● **Records to use**
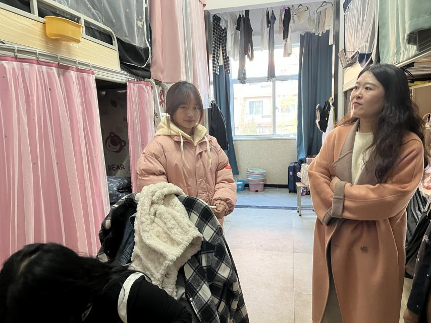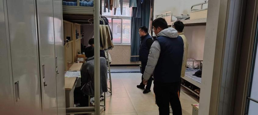 在宿舍检查中,学院领导和辅导员对学院宿舍进行全面检查,查看宿舍环境卫生和安全状况,与学生交谈交流。
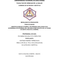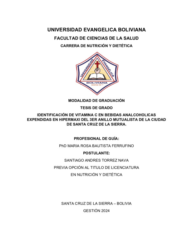 El presente trabajo de investigación tiene como objetivo analizar el contenido de vitamina C en bebidas analcohólicas embotelladas comercializadas en Santa Cruz de la Sierra, Bolivia, y evaluar si el valor coincide con el declarado en el etiquetado nutricional. La vitamina C, también conocida como ácido ascórbico, es un nutriente esencial con funciones antioxidantes, inmunológicas y estructurales, cuya estabilidad se puede ver afectada por factores como la exposición a la luz, al oxígeno, al calor o al pH. Estas condiciones son comunes durante el procesamiento, transporte y almacenamiento, y pueden provocar una
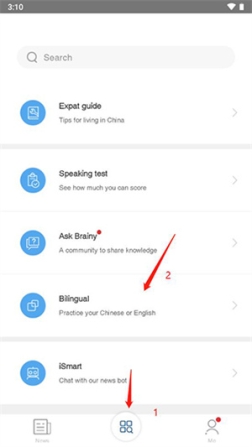 1、很多用户都想知道中国日报英文版怎么设置双语,其实不用设置,直接点击界面中间,进入Bilingual;
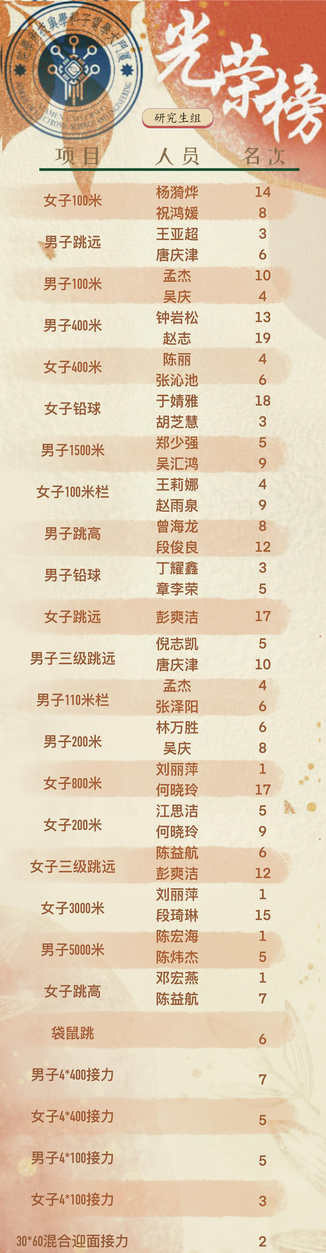 未觉池塘春草梦,阶前梧叶已秋声。11月13日上午,厦门大学第56届学生田径运动会在翔安校区圆满落下帷幕。在这一天半的激烈角逐中,芯青年们奋勇争先,挥洒汗水,获得了耀眼的成绩:
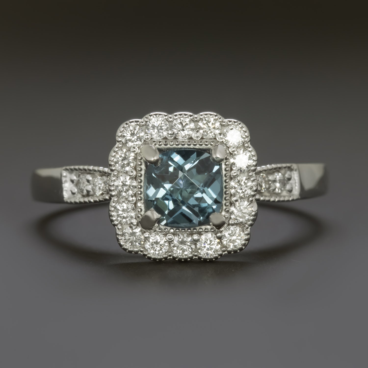 BLUE TOPAZ DIAMOND COCKTAIL RING 14k WHITE GOLD SCALLOP HALO NATURAL CUSHION
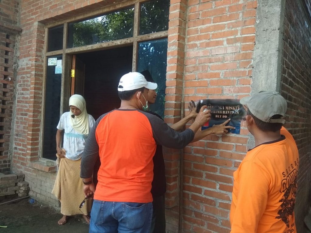 KecMranggen- Pemberian Tanda penerima bantuan Bantuan Langsung Tunai Dana Desa (BLT DD) di Rumah masing-masing penerima oleh Kepala Desa Tamansari Bapak SUDIRO dan Petugas.
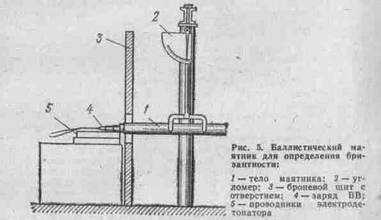 Хорошие результаты оценки бризантного действия можно получить измерением импульса ударной волны на специальном баллистическом маятнике (рис. 5). В этом случае диаметр и массу заряда можно увеличить в несколько раз, чтобы обеспечить необходимые условия полной детонации с максимальной скоростью зарядов любых ВВ, в том числе и малочувствительных. Необходимым условием проведения испытания должно быть плотное прижатие торца цилиндрического заряда к носку маятника со стальным диском, предохраняющим носок от нежелательной деформации. Чтобы боковой разлет продуктов детонации не сказывался на отклонении маятника, между зарядом и телом маятника предусмотрен броневой щит.
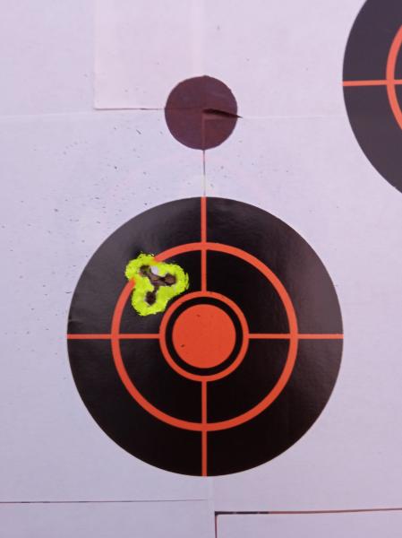 Para mi gusto es una muy buena diana contando con todo lo que mencionas, es una diciplina muy, pero que muy difícil, a 25 metros se puede hacer una agrupación muy buena, del tamaño de una moneda de 2 céntimos, pero meter balín tras balín sobre un punto de 2mm la cosa no es igual.
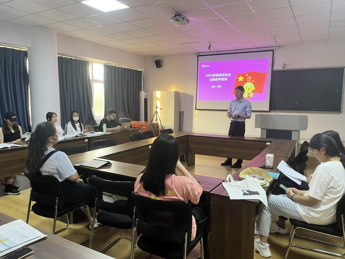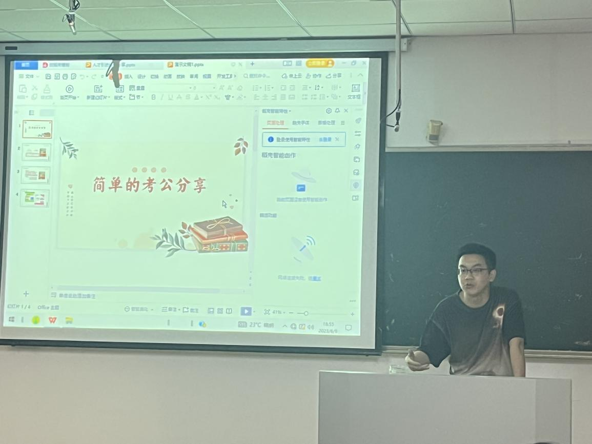 为引导学生树立学业规划意识和正确的就业观,提升高质量就业。结合学习贯彻主题教育要求,9999js金沙老品牌研究生会立足学生需求、学情实际,于6月9日下午在弘毅楼C406举行了考公经验分享会,邀请张俊豪、王慧宏和宋健作为分享嘉宾,9999js金沙老品牌研究生会全体成员参加了分享会。
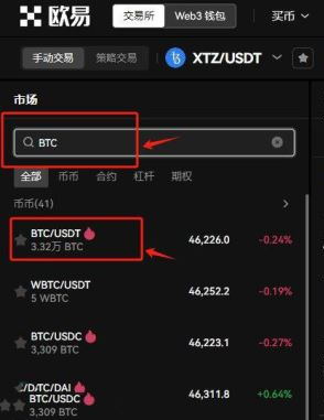 5、在搜索框输入BTC,选择BTC/USDT交易对,可以看到BTC实时行情
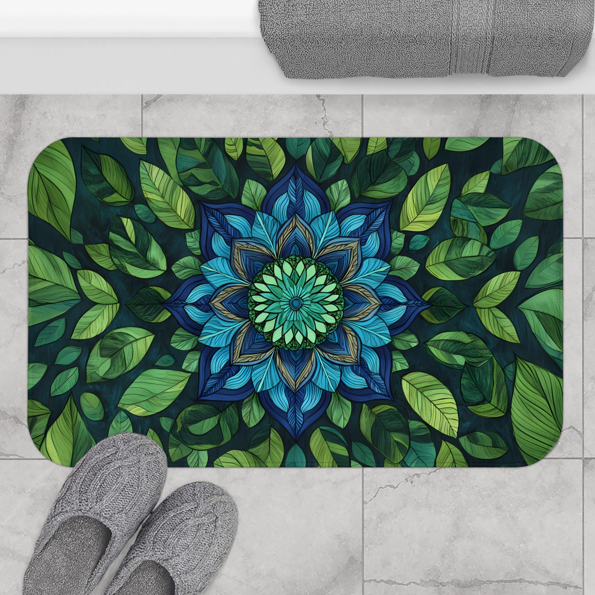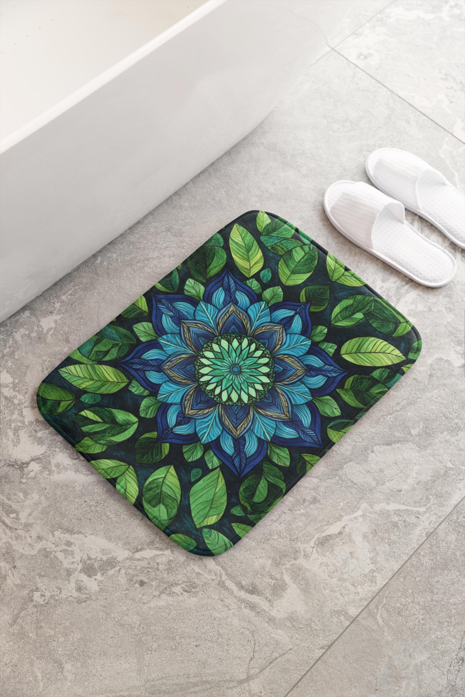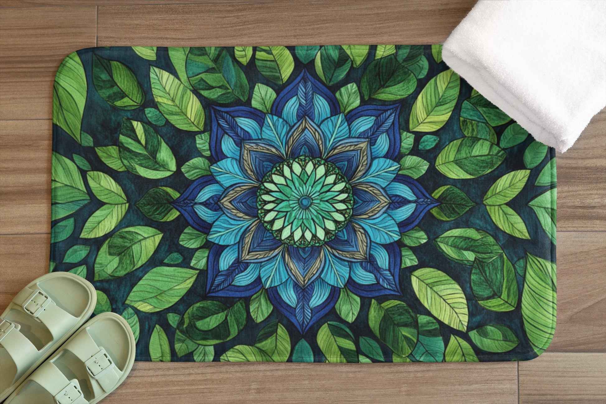 Blue Green Mandala Bath Mat – Boho Bathroom Rug with Sacred Geometry
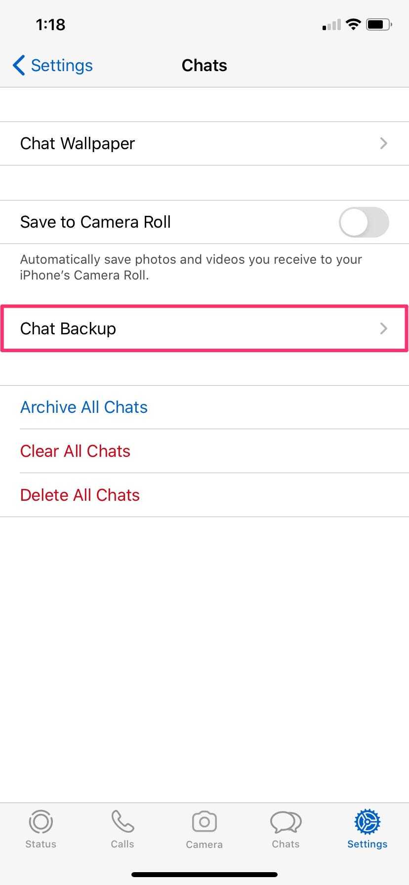 طبیعی است که در iOS شاهد جایگزین شدن گوگل درایو توسط آیکلاد باشیم. کاربران میتوانند برای ذخیرهسازی نسخه پشتیبان از تاریخچه چتهای خود پس از ورود به برنامه، ابتدا به قسمت تنظیمات (Settings) مراجعه کرده و سپس با انتخاب گزینه Chats وارد صفحه Chat Backup شوند. اکنون برای تهیه دستی نسخه پشتیبان باید گزینه Back Up Now را لمس کنید. اگر امکان تهیه خودکار نسخه پشتیبان را فعال کرده باشید، نیازی به انجام دستی این کار نخواهید داشت.
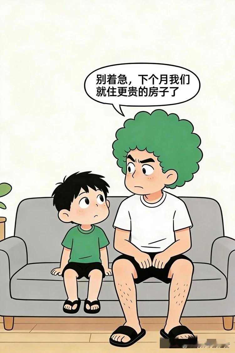快乐漫画:儿子问为啥不能住贵房子?爸爸神秘一笑说快了!
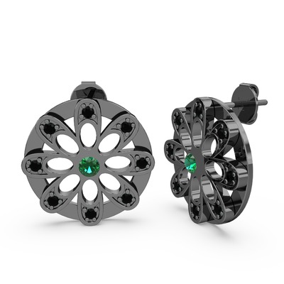 Siyah zirkon ve yeşil kuvars 925 ayar siyah rodyum kaplama gümüş küpe
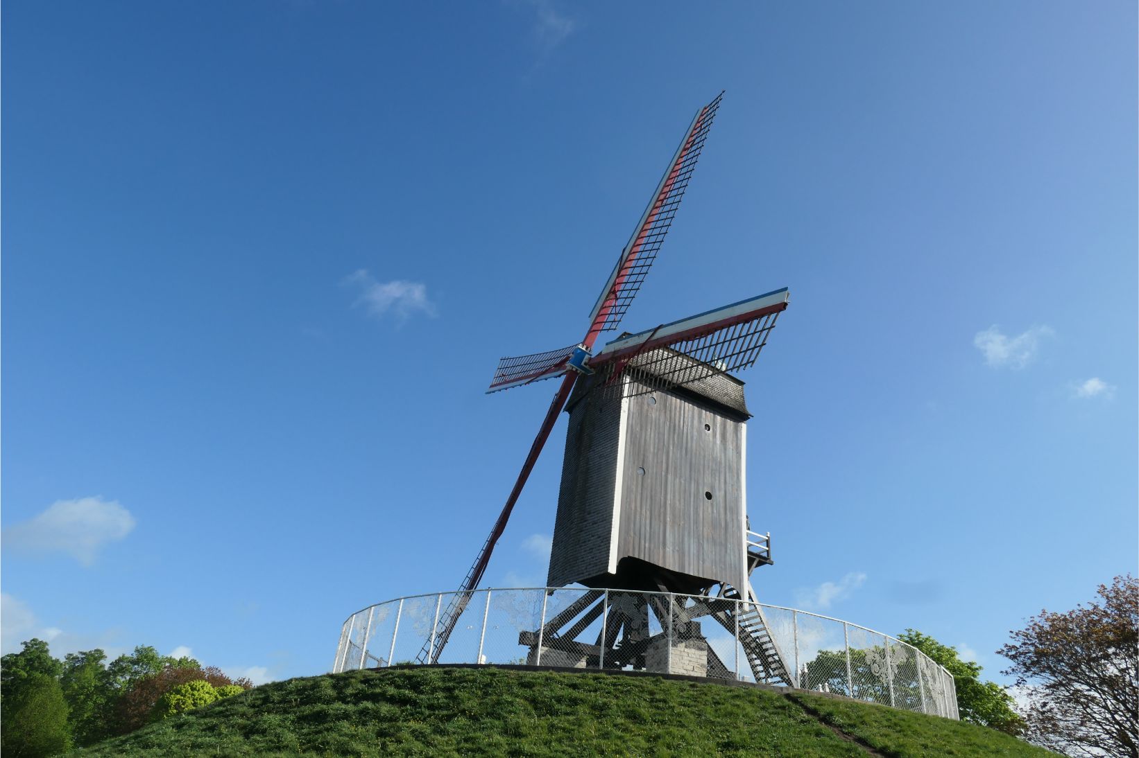 So without a blister to hinder me, today we walked and walked and walked around Bruges, just as we did yesterday. We visited a few old haunts from the previous day, but also found quite a few new parts of the town to explore. We began by visiting a couple of the windmills on the banks of the river that flows past the town. One was slowly turning, although I think this was entirely because paying tourists had climbed up to see it.

● **Task details**
Reproduce word for word, with pictures dropped, only the part of the material above that opens with the line containing "未觉池塘春草梦,阶前梧叶已秋" and closes with the line containing "KecMranggen- Pemberian Tanda".

● **Your solution**
 未觉池塘春草梦,阶前梧叶已秋声。11月13日上午,厦门大学第56届学生田径运动会在翔安校区圆满落下帷幕。在这一天半的激烈角逐中,芯青年们奋勇争先,挥洒汗水,获得了耀眼的成绩:
 BLUE TOPAZ DIAMOND COCKTAIL RING 14k WHITE GOLD SCALLOP HALO NATURAL CUSHION
 KecMranggen- Pemberian Tanda penerima bantuan Bantuan Langsung Tunai Dana Desa (BLT DD) di Rumah masing-masing penerima oleh Kepala Desa Tamansari Bapak SUDIRO dan Petugas.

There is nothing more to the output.